Also anything from Zbigniew Preisner I consider to be sad.

Christopher also did a great sad score for "murder in the first degree" and so did Don Davis for "The unsaid".


----------



## xylophonetic (Dec 18, 2006)

first thing that pops in my head: Mozart Requiem, the angle choir

could be more sad, but can't think of anything else atm


----------



## Frederick Russ (Dec 18, 2006)

I really wonder though if minor keys alone really define "sad" musically. I've heard a lot of attempts to define tragedy and loss musically but find that actually, sadness is an extremely complex emotion to emulate musically. At times minor keys almost seem over the top when trying to depict one take on "sadness". There are so many levels of "sad". Is it selfish sad that only thinks of one's own feelings to the exclusion of others? Or perhaps hope and longing intermingled with loneliness and darkness? Or the realization that one's efforts to make a difference are all in vain? Or tragic loss of life in youth? Mixed emotions - hope, anger, sadness, desperation - seems to me that the very best depictions in musical terms are as complex yet as simple and raw as the emotions they describe.

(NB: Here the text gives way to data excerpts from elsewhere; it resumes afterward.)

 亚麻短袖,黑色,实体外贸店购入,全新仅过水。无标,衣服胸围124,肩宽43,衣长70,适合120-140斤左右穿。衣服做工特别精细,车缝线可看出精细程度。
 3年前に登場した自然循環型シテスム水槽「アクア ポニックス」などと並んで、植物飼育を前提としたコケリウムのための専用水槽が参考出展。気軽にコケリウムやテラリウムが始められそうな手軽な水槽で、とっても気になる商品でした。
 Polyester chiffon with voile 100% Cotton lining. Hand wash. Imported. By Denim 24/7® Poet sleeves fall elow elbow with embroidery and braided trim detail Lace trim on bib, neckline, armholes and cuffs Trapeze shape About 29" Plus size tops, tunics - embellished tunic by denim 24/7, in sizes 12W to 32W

Perhaps one of the most moving pieces I've heard in a long time actually wasn't written so much in minor - Farewell by Danny Elfman (written for the original Spiderman movie). The piece rides in hope but the tragedy is that it remains unrealized. The loneliness and longing are there, the hope and the hesitation. Its an interesting sound sculpture and its hard not to feel the gyst of the moving message.

Another that comes to mind is the choral piece Requiem: Pie Jesu (Durufle). Not a lot of minor but man this gets me every time I hear it - hope mixed with tragedy and finality. 

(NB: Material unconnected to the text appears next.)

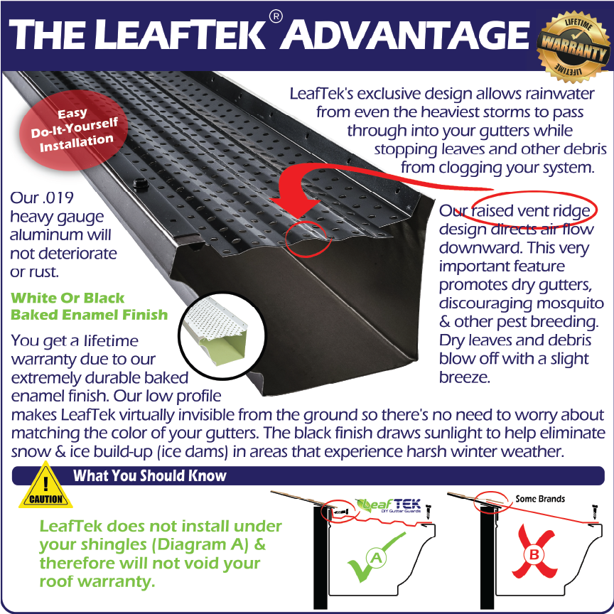 LeafTek does NOT install under your shingle. Gutter protection systems that install under your roof shingles may void your roof warranty.

I suppose each person's idea of sad differs depending on their own experiences so its varied I guess.


----------



## david robinson (Dec 19, 2006)

music that doesn't make you money?

Mozart: Requiem.
Morricone: Harmonica's Theme from OUATITW (based on Mozart's Don G.)
Beethoven: Sym7: Slow Movement. always brings a tear.......


----------



## paoling (Dec 19, 2006)

Well... I come in with my entry  :D

The Adagio of the Piano concert in G by Maurice Ravel.

By the way, this part is in E major if I don' t remember bad, but the theme has a kind of sad and nostalgic mood. When I' m a bit sad I usually listen to it, because at a certain part it connects with my thoughts bringing me toward that ending full of hope.

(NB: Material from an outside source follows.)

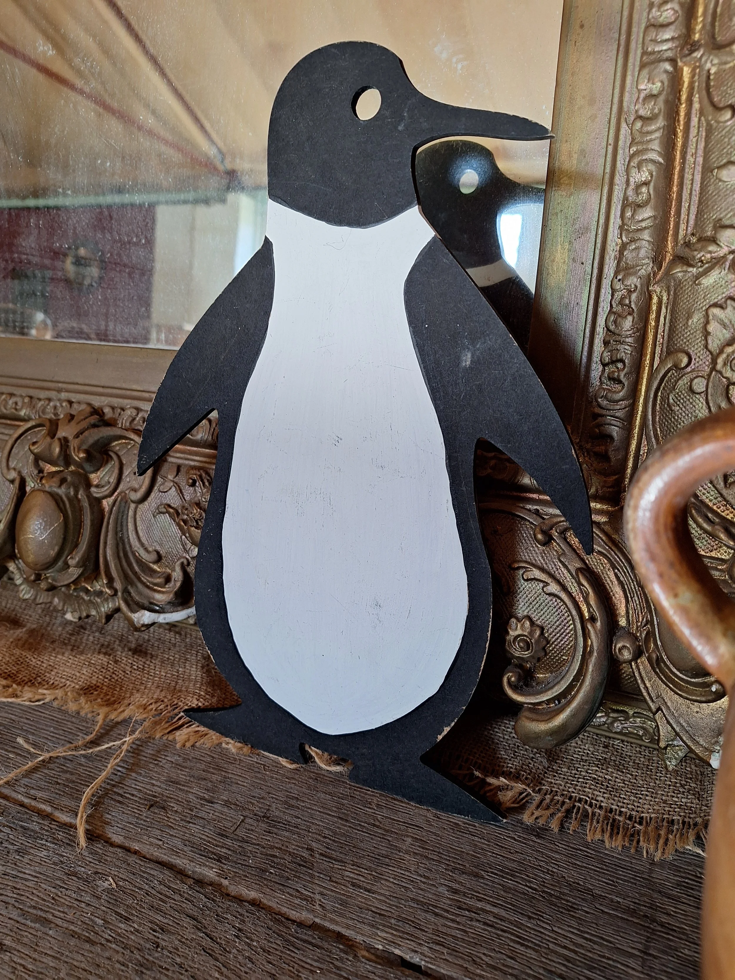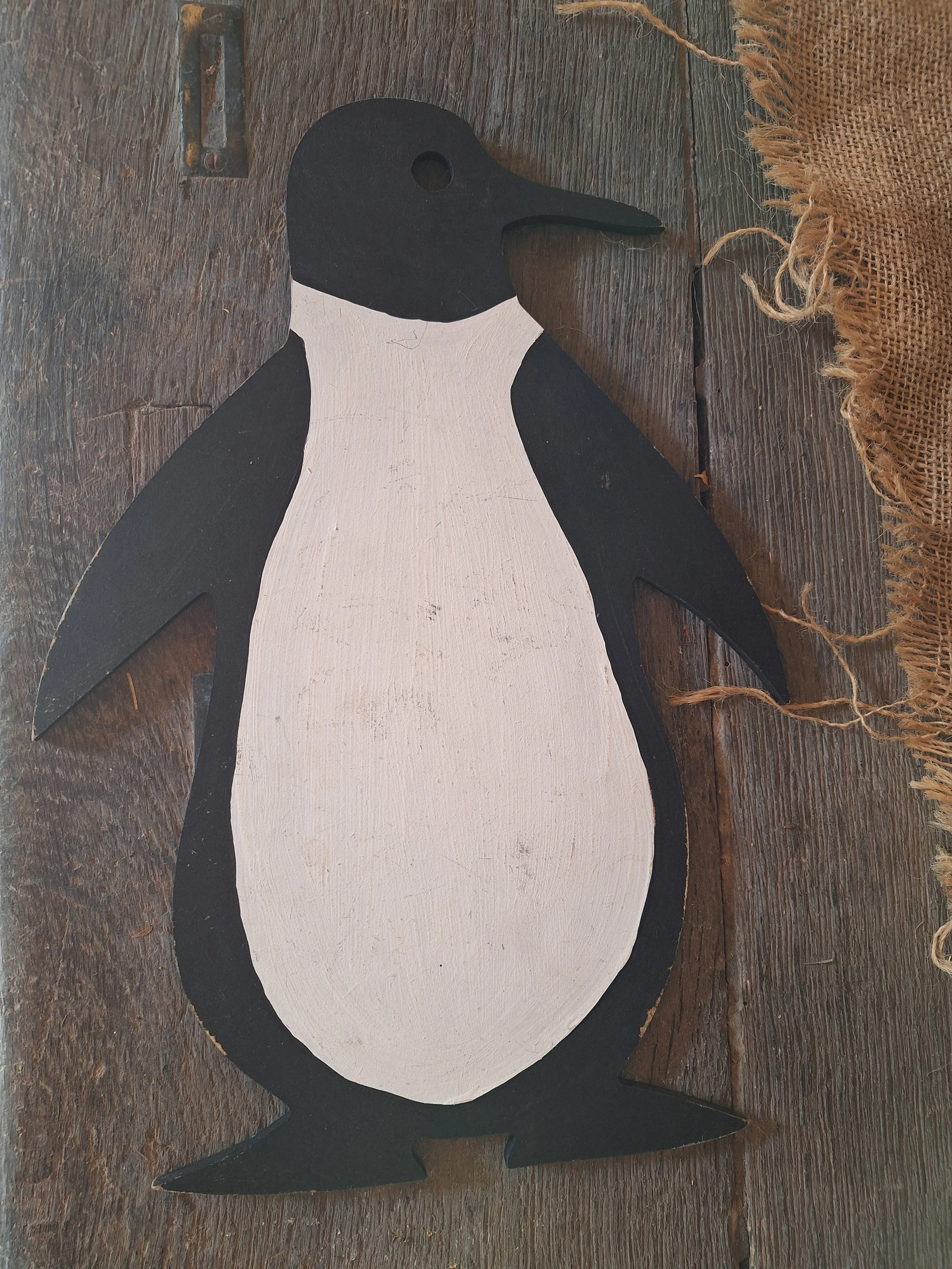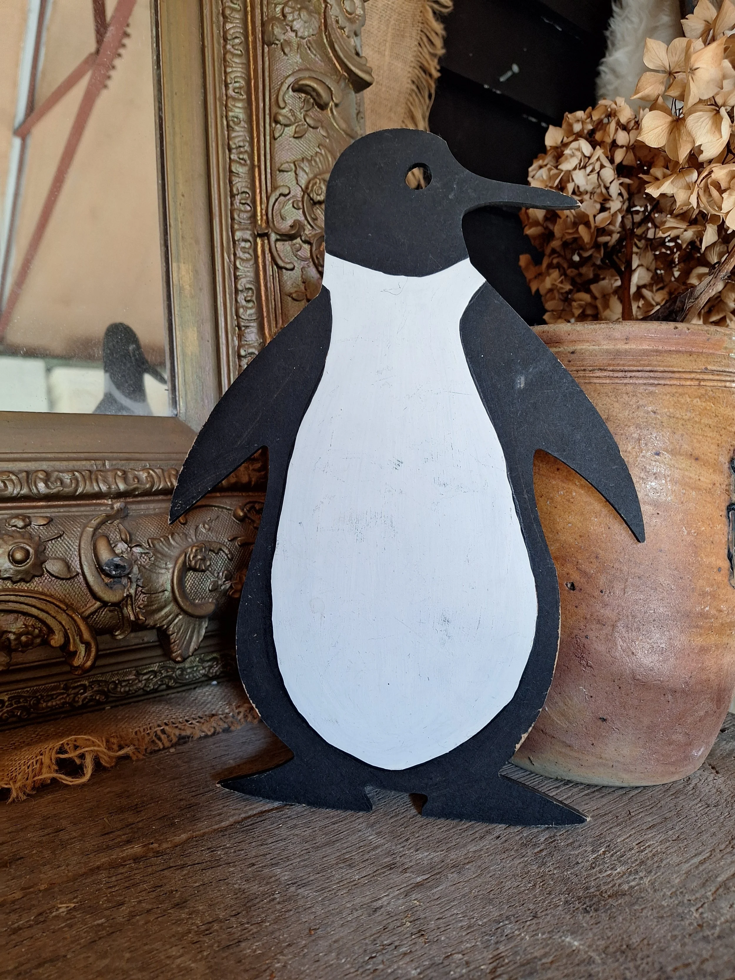Found in France, this simple yet characterful penguin is painted in matt black and white, on a thing plywood type material. He stands 31.2cm tall.

It' a kind of mix of interior moods, and it has something "magic" I can' t define (altough there' s a smart use of polytonality)...

One of the most beautiful pieces ever written (er, and sad  ).


----------



## Genius Gone Insane (Mar 9, 2007)

"Anakin's Betrayal" by John Williams from Episode III. Not sure what's going on there, but it works.


----------



## Necromancer (May 1, 2007)

Adagio for Strings/Agnus Dei by Samuel Barber. It brings a tear to my eye every time, which is horribly inconvenient since I have to sing it.


----------